What I loved about Quicken included:
Very flexible in allowing you to design and customize your own categories, attach subcategories to them, designate them as significant for tax reporting purposes, etc..
Almost universally compatible with every bank we did business with, enabling easy downloads of account information in compatible formats for the software on my desktop PC, and even allowing me to set up and recognize transactions and automatically categorize them during the download process.
The reporting function had all the capacity I needed, could store and automatically update reports I used regularly, and create new reports on the fly without too many baffling 'features' to navigate.
And, finally, it used to be pretty simple. It started out as (essentially) a computerized check register-with-ledger-and-books tool, and for a good many years it pretty much stayed that way.
Then they started "upgrading" it. Now you can trade stocks, pay bills automatically, get a new mortgage, manage investments, create budgets, and probably walk the dog, I don't know.
Doubtless there are people who use every bit of all those functions, use them on mobile apps, rely on them and don't mind having all the information about their financial management fully integrated on the cloud with everything else about them.
Me, I mind. While I like being able to DL info from my bank accounts and drop it into the financial management program that lives in my desktop computer, I really DON'T want it fully integrated in the cloud with everything I do. I DON'T use mobile apps (don't even have a "smart" phone)!

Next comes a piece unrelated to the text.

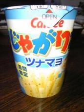 期間限定のじゃがりこツナマヨ味ゲット。封を開けたとたんマヨネーズのにおいが・・・。シーチキンの味とけっこう濃い目。おいしいです。お湯をいれてポテトサラダにしたら立派な1品になるかと。

I DON'T want to use it to pay my bills, track stocks, etc.
I simply want to balance my checking account, track my household books, and produce reports for tax preparation now and then.
And, once I learn how to use the program, I'd like to be able to simply keep using it, without having "upgrades" shoved at me every year, and without having to pay an annual extortion payoff -excuse me, "subscription"- to the software vendor, to maintain its interactive functions with my bank.
So, alas, my days of being a Quicken customer seem to be drawing to a close.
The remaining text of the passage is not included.